Stored items
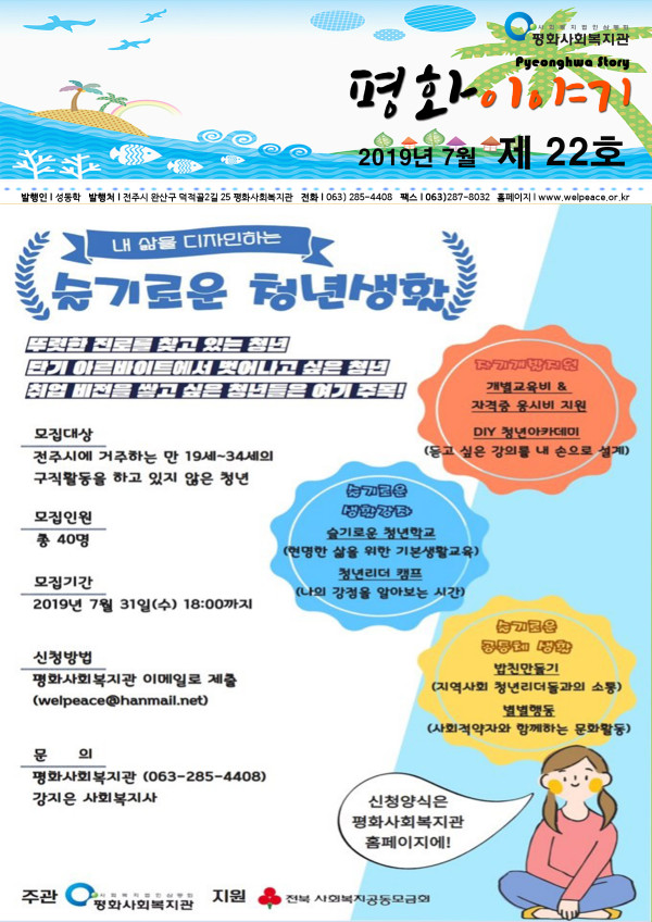 평화사회복지관 7월 소식지 페이지 정보 작성자 평화사회복지관 댓글 0건 조회 2,004회 작성일 19-07-31 05:07 본문 목록 이전글2020년 평화사회복지관 2월 소식지 20.03.02 다음글평화사회복지관 11월 소식지 18.12.04 댓글목록 댓글목록 등록된 댓글이 없습니다.
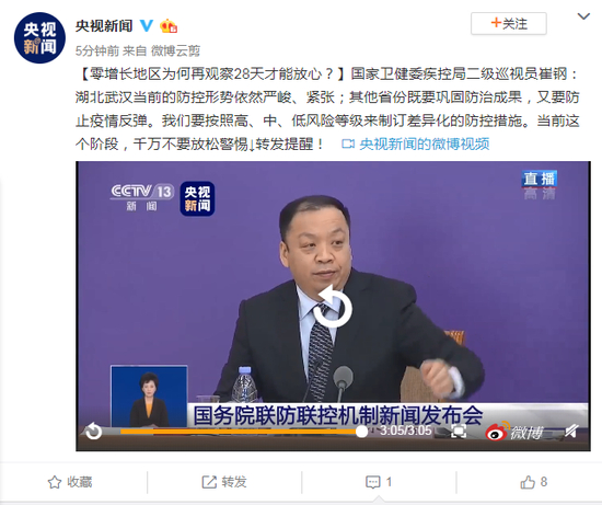 国家卫健委疾控局二级巡视员崔钢:湖北武汉当前的防控形势依然严峻、紧张;其他省份既要巩固防治成果,又要防止疫情反弹。我们要按照高、中、低风险等级来制订差异化的防控措施。当前这个阶段,千万不要放松警惕。
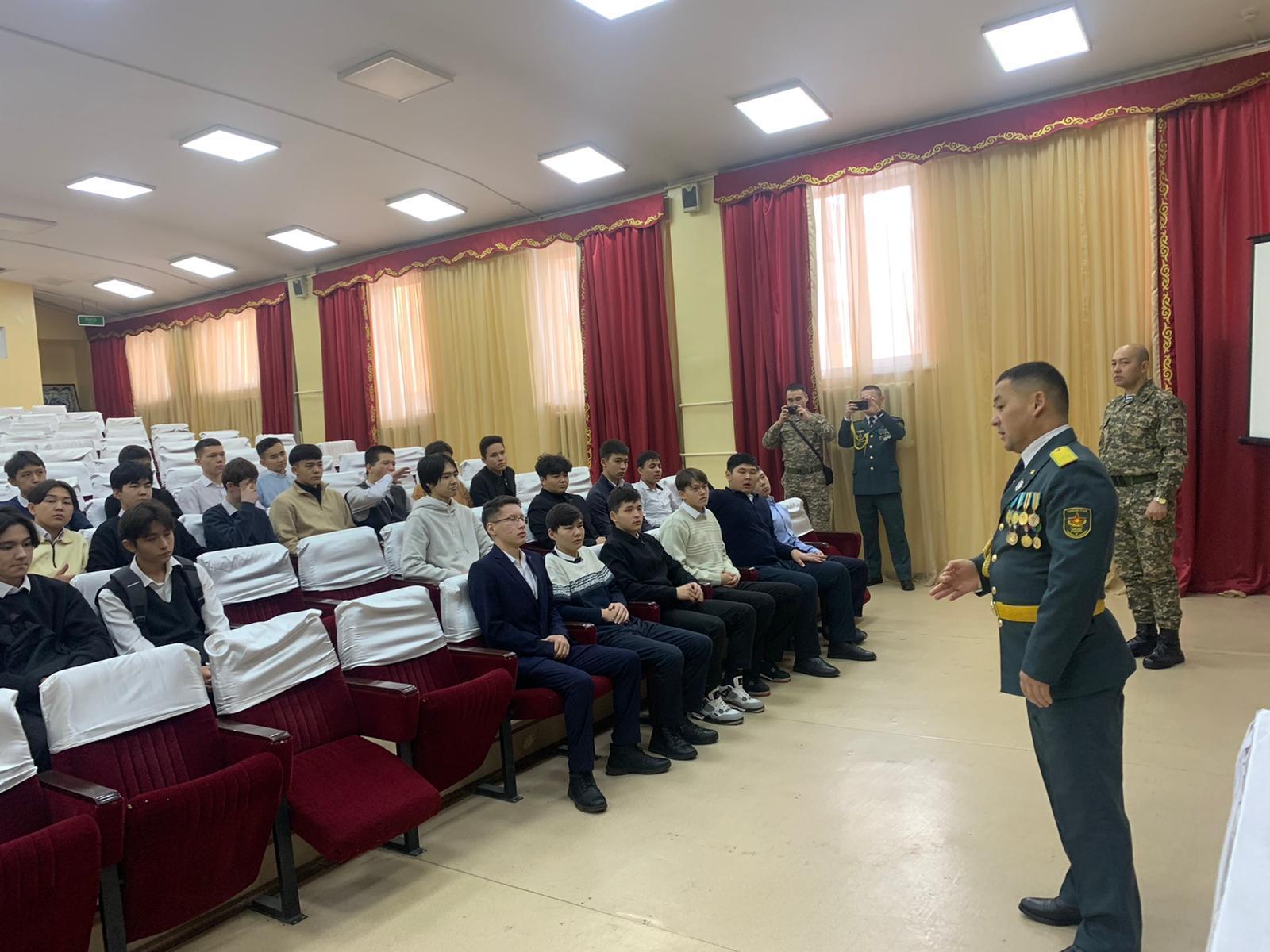 23 желтоқсан 2022 0 1 2 3 4 5 Кәсіптіқ бағдар/Профориентационная работа 1993 әскери бөлімінің офицерлері мектебімізде кәсіптік бағдар жұмысын жүргізді. Мақсаты: Әскери қызметтің имиджін көтеру , насихаттау сВоеннослужащие в/ч 1993 провели профориентационную работу среди учащихся старших классов. Основная цель: поднятие имиджа воинской службы
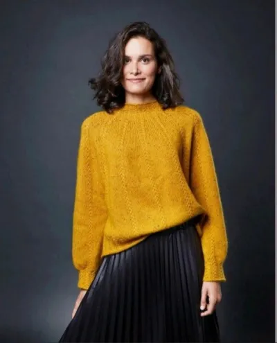 Джемпер горчичного цвета, модель с круглой кокеткой
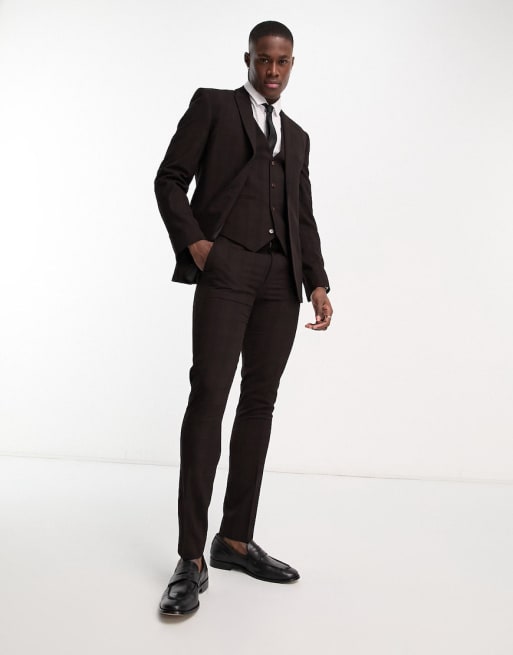 ASOS DESIGN - Veste de costume ajustée à carreaux - Bordeaux
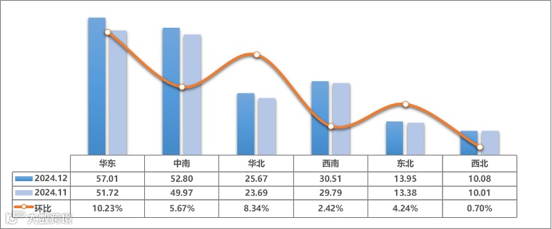 2024年12月,全国二手车市场延续了稳步增长的良好态势,各区域交易量均有所攀升。其中,华北和华东地区继续保持强劲的增长势头,交易量显著提升,成为引领市场增长的主要动力。而其他区域也保持了稳定的增长步伐。
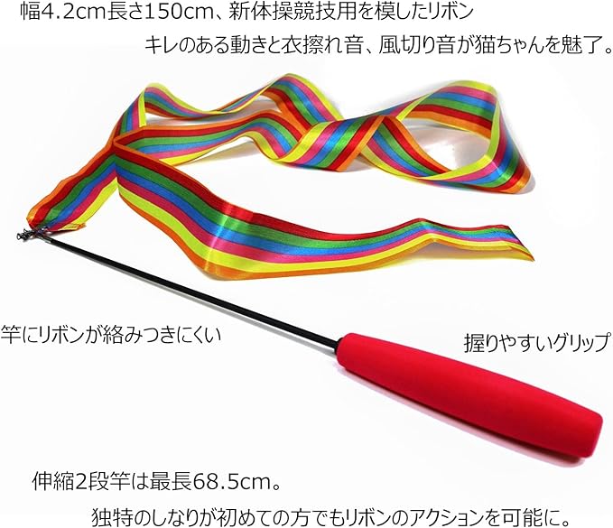 商品紹介 ●新体操で使うリボンのような大胆でビッグな猫じゃらし。●幅42mm長さ1500mmのリボンは適度な硬さで妖しくうねり、こすれたり、風を切る音も相まって猫ちゃんを夢中にする。●伸縮2段式の竿は全長685mm。絶妙なしなりがあり、初心者でも簡単にリボンを操れる。●竿をくるくる回せば「らせん」、小刻みに上下に振れば蛇のような「だけい」、新体操のリボンのように操って猫ちゃんと遊べる。●しっかり動けて猫ちゃんも飼主さんもしっかり運動になるスポーツじゃらしです。 使用方法 【遊び方】●においをかがせたり、目の前で動かしたりして興味を持たせます。●ゆっくり〜素早くなど強弱をつけて動かしてみましょう。
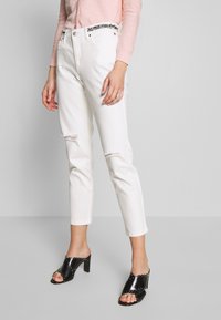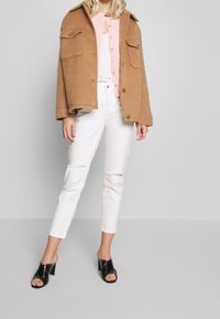 Jean blanc délavé avec une coupe droite, associé à des mules noires à talons ornées de gros clous argentés sur les bords. Cardigan rose clair.
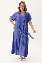Женственное платье прямого силуэта. Горловина оформлена отложным воротником на стойке. По переду планка с застежкой на петли и пуговицы. Длинный втачной рукав со сборкой по окату, по низу присборен на шпульную резинку. В боковых швах функциональные карманы. Низ оформлен притачным воланом. Пояс из основной ткани в комплекте.
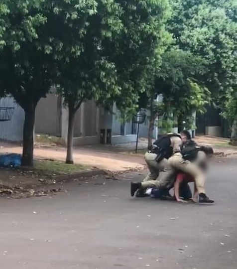 Imagens gravadas por populares mostram a resistência de um homem ao ser preso por descumprir medida protetiva; internautas elogiam a técnica e o profissionalismo da equipe
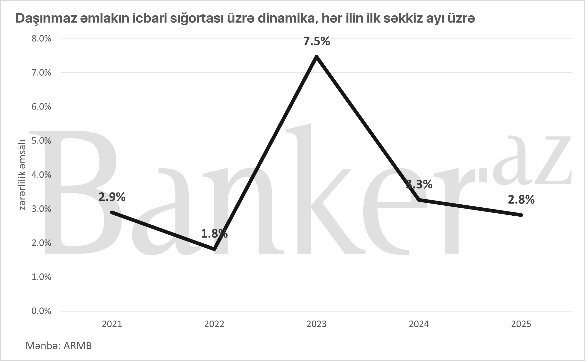 2022-ci ildə bu göstərici 1,8%-ə, 2023-cü ildə isə 7,5%-ə yüksəlib. Lakin sonrakı illərdə əmsal azalma meyli göstərib — 2024-cü ildə 3,3%, 2025-ci ildə isə 2,8% səviyyəsində formalaşıb. Bu da o deməkdir ki, daşınmaz əmlakın icbari sığortasında cəlb edilən hər 100 manat sığorta haqqının 3 manatdan aşağı hissəsi ödənişə yönəldilib. Hazırkı göstərici ilə sektorda sığorta şirkətləri üçün ən yuxarı mənfəətli olan sığorta alətindən biridir.
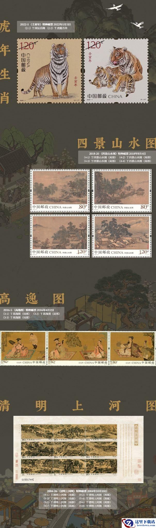 本次联动邮册《画檐》中首选了《四景山水图》、《高逸图》、《清明上河图》等古画主题的特种邮票,充分展示了中国艺术史上有关山水、历史人文和古城风貌的艺术成就,指尖抚过千古芳华之余,感受这份浓缩在邮册内的中华艺术魅力。
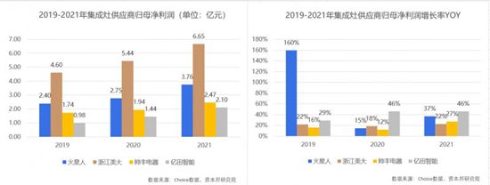 而在盈利方面,浙江美大仍独占鳌头,2021年归母净利润达6.65亿元,远超排名第二的火星人(3.76亿元)。近几年四大供应商归母净利润均稳步增长,2020年的疫情对各公司的生产经营产生负面影响,直接导致归母净利润增速有所减缓(2020年亿田智能归母净利润同比增长46%得益于**补助0.2亿元,扣非后归母净利润增速为27%,较2019年的29%有所下降)。其中,由于火星人销售模式发端于线下经销体系,其线下门店数量远超于其它三大供应商,疫情给火星人带来的冲击影响也较强,其归母净利润增速大幅下跌。随着国内新冠疫情态势得到有效控制,公司供、产、销等各项工作均有序开展。2021年,各公司均加大电商渠道投入,生产经营逐渐回归正轨,归母净利润增速也大幅上涨。
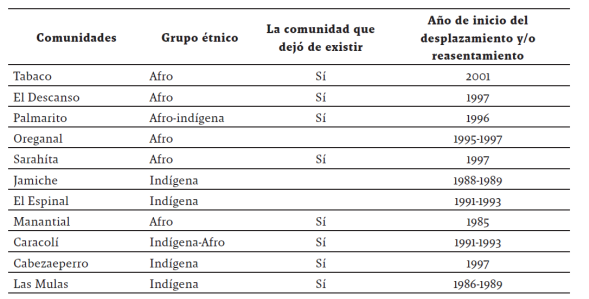 Tabla 3: Comunidades desplazadas y/o reasentadas debido a la extracción de carbón por parte de El Cerrejón

**Work item**
Reproduce the records exactly, starting with their first line and ending with the line that contains "2022-ci ildə bu", though pictures should be dropped.

**Answer below**
 평화사회복지관 7월 소식지 페이지 정보 작성자 평화사회복지관 댓글 0건 조회 2,004회 작성일 19-07-31 05:07 본문 목록 이전글2020년 평화사회복지관 2월 소식지 20.03.02 다음글평화사회복지관 11월 소식지 18.12.04 댓글목록 댓글목록 등록된 댓글이 없습니다.
 国家卫健委疾控局二级巡视员崔钢:湖北武汉当前的防控形势依然严峻、紧张;其他省份既要巩固防治成果,又要防止疫情反弹。我们要按照高、中、低风险等级来制订差异化的防控措施。当前这个阶段,千万不要放松警惕。
 23 желтоқсан 2022 0 1 2 3 4 5 Кәсіптіқ бағдар/Профориентационная работа 1993 әскери бөлімінің офицерлері мектебімізде кәсіптік бағдар жұмысын жүргізді. Мақсаты: Әскери қызметтің имиджін көтеру , насихаттау сВоеннослужащие в/ч 1993 провели профориентационную работу среди учащихся старших классов. Основная цель: поднятие имиджа воинской службы
 Джемпер горчичного цвета, модель с круглой кокеткой
 ASOS DESIGN - Veste de costume ajustée à carreaux - Bordeaux
 2024年12月,全国二手车市场延续了稳步增长的良好态势,各区域交易量均有所攀升。其中,华北和华东地区继续保持强劲的增长势头,交易量显著提升,成为引领市场增长的主要动力。而其他区域也保持了稳定的增长步伐。
 商品紹介 ●新体操で使うリボンのような大胆でビッグな猫じゃらし。●幅42mm長さ1500mmのリボンは適度な硬さで妖しくうねり、こすれたり、風を切る音も相まって猫ちゃんを夢中にする。●伸縮2段式の竿は全長685mm。絶妙なしなりがあり、初心者でも簡単にリボンを操れる。●竿をくるくる回せば「らせん」、小刻みに上下に振れば蛇のような「だけい」、新体操のリボンのように操って猫ちゃんと遊べる。●しっかり動けて猫ちゃんも飼主さんもしっかり運動になるスポーツじゃらしです。 使用方法 【遊び方】●においをかがせたり、目の前で動かしたりして興味を持たせます。●ゆっくり〜素早くなど強弱をつけて動かしてみましょう。
 Jean blanc délavé avec une coupe droite, associé à des mules noires à talons ornées de gros clous argentés sur les bords. Cardigan rose clair.
Женственное платье прямого силуэта. Горловина оформлена отложным воротником на стойке. По переду планка с застежкой на петли и пуговицы. Длинный втачной рукав со сборкой по окату, по низу присборен на шпульную резинку. В боковых швах функциональные карманы. Низ оформлен притачным воланом. Пояс из основной ткани в комплекте.
 Imagens gravadas por populares mostram a resistência de um homem ao ser preso por descumprir medida protetiva; internautas elogiam a técnica e o profissionalismo da equipe
 2022-ci ildə bu göstərici 1,8%-ə, 2023-cü ildə isə 7,5%-ə yüksəlib. Lakin sonrakı illərdə əmsal azalma meyli göstərib — 2024-cü ildə 3,3%, 2025-ci ildə isə 2,8% səviyyəsində formalaşıb. Bu da o deməkdir ki, daşınmaz əmlakın icbari sığortasında cəlb edilən hər 100 manat sığorta haqqının 3 manatdan aşağı hissəsi ödənişə yönəldilib. Hazırkı göstərici ilə sektorda sığorta şirkətləri üçün ən yuxarı mənfəətli olan sığorta alətindən biridir.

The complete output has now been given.